Leader of the Opposition in Manitoba
- In office December 5, 2000 – April 9, 2006
- Preceded by: Bonnie Mitchelson
- Succeeded by: Hugh McFadyen

Leader of the Progressive Conservative Party of Manitoba
- In office November 4, 2000 – April 9, 2006
- Preceded by: Bonnie Mitchelson (Interim)
- Succeeded by: Hugh McFadyen

Member of the Legislative Assembly of Manitoba for Kirkfield Park
- In office November 21, 2000 – September 7, 2006
- Preceded by: Eric Stefanson
- Succeeded by: Sharon Blady

Personal details
- Born: 24 November 1954 (age 71) Lestock, Saskatchewan, Canada
- Party: Progressive Conservative

= Stuart Murray =

Canadian politician

Stuart Murray (born November 24, 1954) is a former politician from Manitoba, Canada. He served as leader of the Progressive Conservative Party of Manitoba and leader of the opposition in the Manitoba legislature from 2000 to 2006. From 2006 until 2009, Murray was the President and Chief Executive Officer of the St. Boniface Hospital Research Foundation. He subsequently served as director and chief executive officer of the Canadian Museum for Human Rights from 2009 to 2014.

==Early life and career==
Murray was born in Lestock, Saskatchewan, and raised in Punnichy in the same province. His mother, Jean Murray, was a town councillor. He studied Science at the University of Manitoba, and transferred to Ryerson Polytechnical Institute to further his studies in Architectural Science. He later worked as road manager for the rock band Blood, Sweat and Tears, and in 1982 became media director for the Canadian Opera Company.
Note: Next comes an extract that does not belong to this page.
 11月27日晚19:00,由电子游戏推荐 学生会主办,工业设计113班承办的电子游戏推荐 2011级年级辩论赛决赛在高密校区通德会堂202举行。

Murray began working for Canadian Prime Minister Brian Mulroney in 1985. He moved to Winnipeg, Manitoba in 1989 after being named vice-president of the family-owned Domo Gasoline Corporation, and became its CEO and president four years later. Murray was also an organizer for the Manitoba Progressive Conservative Party in the 1990, 1995 and 1999 elections, and supported Kim Campbell's successful bid to succeed Mulroney as leader of the Progressive Conservative Party of Canada in 1993.
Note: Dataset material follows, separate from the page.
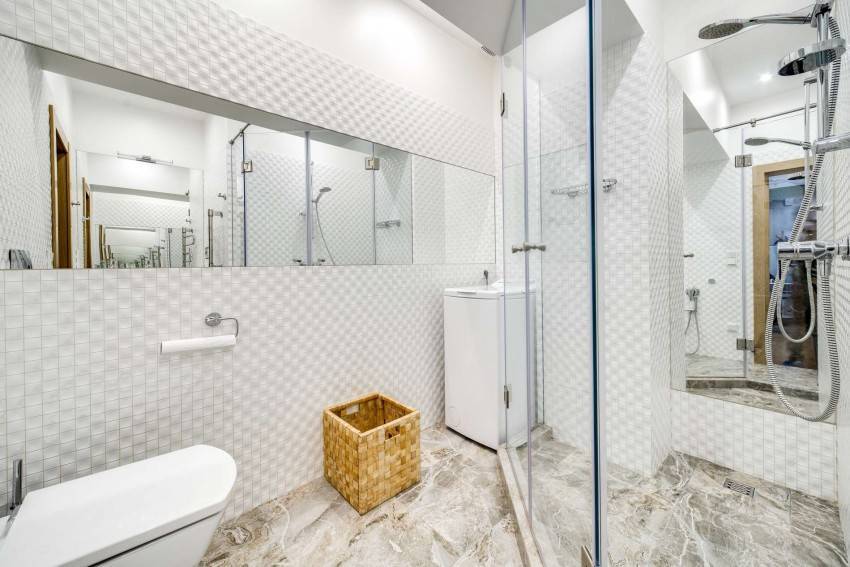 Простым и эффективным решением по увеличению свободного пространства считается установка душевой кабинки. Ванна – массивный объект, занимающий много места. Откажитесь от нее, если комната слишком маленькая.

Murray was appointed to the board of Canadian National Railways in 1991, and served for one term. He was a founding member of the Manitoba Entertainment Complex Group (MEC) in 1994, and chaired the successful World Hockey Junior Championship in 1999. In recognition of their contribution, he and his team were each awarded the Order of the Buffalo Hunt, one of Manitoba’s highest honours.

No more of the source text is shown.